Shouldn't unhex() just be int(s, 16)?

Not sure what it adds, but I don't quite understand it yet and perhaps there's something magic in the context of MIME quoted printable that I'm missing.

That is an excellent point!

Based on my reading, there's nothing magic. The context is:

    elif i+2 < n and ishex(line[i+1:i+2]) and ishex(line[i+2:i+3]):
        new = new + bytes((unhex(line[i+1:i+3]),)); i = i+3
I tweaked it to

        new = new + bytes((int(line[i+1:i+3], 16),)); i = i+3
and the self-tests still pass. (I also changed the 16 to 15 to double-check that the tests were actually exercising that code.)

It's not part of the public API, so it looks like it can simply be removed.

Do you want to file the bug report? Or perhaps it's best to update http://bugs.python.org/issue21869 ("Clean up quopri, correct method names encodestring and decodestring")?

> It's not part of the public API, so it looks like it can simply be removed.


So that is actually standard. Maybe I just don't know what you mean by public API though.
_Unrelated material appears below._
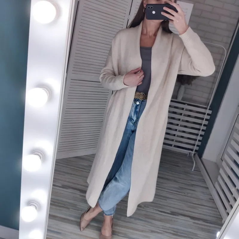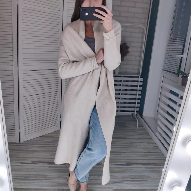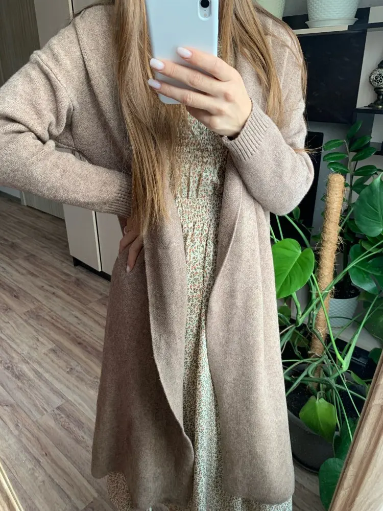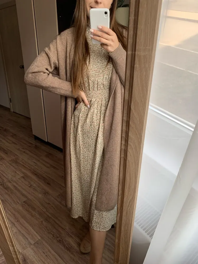 Уютный кардиган Единый размер. В принципе, он универсален за счёт кроя. Подойдёт девочкам и больше и меньше меня. (У меня 42-й российский размер и 36-й европейский) Ткань качественная, плотная и приятная. Кардиган, по ощущениям, как тёплый плед. В нем также уютно и не холодно. Понравился цвет и крой. Можно носить с ремнём и без него. На рост 175см кардиган прикрывает колено. Единственный минус, на мой рост коротковат рукав. Но как 3/4 смотрится тоже хорошо! У продавца в наличии 3 расцветки! Для себя я выбрала «brown» Больше моих обзоров и ссылки на товары можете найти: В ИНСТАГРАМ, ТЕЛЕГРАМ и ТИКТОК по нику SONKASERGEEVNA

"it" == "unhex", not "int"

Oh, right! I had not read the sentence correctly.

* on lists can also mean elementwise multiplication, dot or cross product if you treat them as vectors. There's no way to choose the objectively best meaning. I'd even argue that vector math isn't the most popular use for lists in python, not because of + and * semantics, but because of performance.

So it was good design decision not to bother with math semantics for general use datastructure.

And besides Python has nice general syntax for elementwise operations if you don't care about performance:

    [x*y for (x,y) in zip(xs,ys)]
I agree it would be better not to implement + for lists at all.

"This is rarely what was wanted."

I don't know what else you would have expected...


If you want to perform an operation on each item of an iterable, do that :)

[n * 4 for n in [1, 2 3]]


map(lambda n: n * 4, [1, 2, 3])

With that logic, they should have expected [1,2,3] + [1,2,3] == [2,4,6]

I'm very aware of what you mentioned but...all I "wanted" in this case is a visual separator in my terminal when I'm working with lots of output. I don't care whether each "* " refers to the same object, I just want a line :)

With that being said, if I want to merge two lists and apply an operation on each, I don't see what's the issue with:

    In [1]: a = [1,2,3]
    In [2]: b = [5,6,7]
    In [3]: c = a+b
    In [4]: c
    Out[4]: [1, 2, 3, 5, 6, 7]
    In [5]: d = [x*4 for x in c]
    Out[6]: [4, 8, 12, 20, 24, 28]

I really like haskell's "++" for list concatenation. Makes a lot of sense.

Although the `++` is associated with increment from anyone coming to python from the C languages.

Its tricky; if you want to do vectors, use numpy.

Haskell also uses <> for combining any monoid, but of course in Python that was once not-equal... Maybe a dot? It's string concatenation in Perl, and function composition in Haskell. Interestingly, both of those are monoids...

Multiplication _is_ repeated addition.

Wow - that's really, really great list.

In particular, #7 is something that I didn't even know existed, and I've been hacking around for 2+ years.

Instead of:

   >>> print mdict.get('gordon',0)
   >>> print mdict.get('tim',0)
   >>> print mdict.get('george',0)
I've always done the much more verbose:

   class defaultdict(dict):

       def __init__(self, default=None):
           self.default = default

       def __getitem__(self, key):
               return dict.__getitem__(self, key)
           except KeyError:
               return self.default

   print mdict['gordon']
   print mdict['tim']
   print mdict['george']
I'll be sure to make great use of the dictionary get method - I'm embarrassed to admit how many thousands of times I could have used that, and didn't know it existed.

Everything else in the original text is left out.